Natural hair coloring

Natural hair coloring

You you mCare more and more about the makeup of cosmetics, and hair dyes seem to be the most chemical of all. There may be an alternative with natural and vegetable colors. But are they also covering? Can you color your hair naturally white?

Natural and vegetable coloring, what is it?

The 100% natural vegetable dyes are mainly composed of henna and other dye plants. This is the name of pigmented plants which are used for dyeing fabrics or for cosmetic purposes. We can thus cite indigo which allows dark reflections and blue tones, hibiscus for red and auburn reflections, or even madder for more red reflections.

How do natural hair colors work?

These herbal mixtures provide a lot of care to the hair during the color. But for this to attach, of course, they need a fairly powerful base. It is mainly henna which can be neutral (without coloring effect) or pigmented. It allows the vegetable colors to hang on the hair fiber.

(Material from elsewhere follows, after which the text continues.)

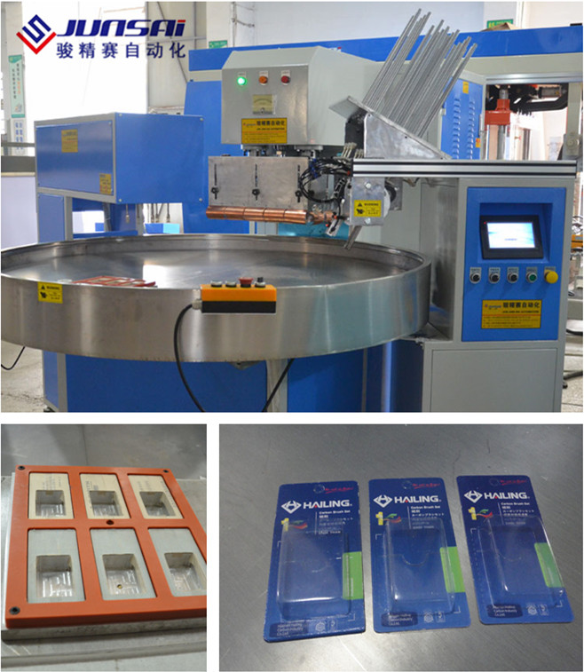 2. 用于吸塑包裝封口的高周波機器,使用時可根據吸塑包裝的產品尺寸大小,來決定一次同時包裝一個或多個產品。工作臺自動旋轉,3-6工位可選擇,工作效率更高。

The other plants, for their part, provide more or less marked nuances.

But if they can tint, vegetable dyes cannot lighten.

Natural coloring of gray hair

Color nuanced but not covering

Natural vegetable dyes can be effective in coloring gray hair under certain conditions. If they do not allow for 100% dark coverage, they can create a nuanced color. Thus, white hair is masked by a light, luminous color that blends into the hair.

To achieve this result, the color is applied in two stages. In this case, it is therefore better to entrust its vegetable coloring to a professional salon.

Natural white hair coloring without henna

There are natural colors without henna that can hide your gray hair, if you have less than 50%.

However, like other vegetable colorings, it is impossible to completely mask gray hair over time. Nor even to completely change color. A vegetable coloring without henna simply allows you to blend a color into your base.

But this is a good alternative if you really want natural hair color and are worried about henna.

Natural henna coloring

What is henna?

At the origin of the vegetable coloring, henna comes from a shrub (Lawsonia inermis). Its leaves, very rich in pigments, are reduced to powder. This coloring material, widely used in Eastern countries, can color the hair but also the skin.

There is also a neutral henna, which comes from another plant (Cassia auriculata). It is a green powder that cares for the hair but does not color it.

Avantages

Henna coloring is also a treatment for the hair. Unlike conventional hair colors, coloring with henna is therefore a real moment of care. Unless you have dry hair. Henna sometimes absorbs sebum and dries out already weakened hair if you leave it on for too long. Because from one hour to one night, henna can keep for a long time before being rinsed off.

Henna is, in a way, a semi-permanent color. It lasts longer than tone-on-tone hair color, but it will fade over the months. Being more melted in the hair, it limits the root effect of regrowth.

Disadvantages and contraindications

Despite the benefits mentioned above, henna does have a few drawbacks. It starts with the randomness of coloring. Depending on your base and your own shades, the exposure time, your coloring will be more or less intense.

Another problem, and not the least, henna can turn orange on some bases. This is difficult to predict, depending on previous colorings or even a brightening of the sun.

If you buy henna coloring, additionally take a close look at its composition. It happens that commercial henna contains metallic salts. They are intended to enhance the red color in the henna. But they can be irritating and damage the hair. Likewise, some henna claiming to be vegetable contains paraphenylenediamine (PPD), a substance that is very allergenic.

It is therefore essential to turn to genuinely vegetable henna dyes. The composition indicated on the packaging should not be too long in general. The reverse often makes it possible to understand that there is more chemical than vegetable in the product.

It is therefore better to move towards a 100% vegetable coloring.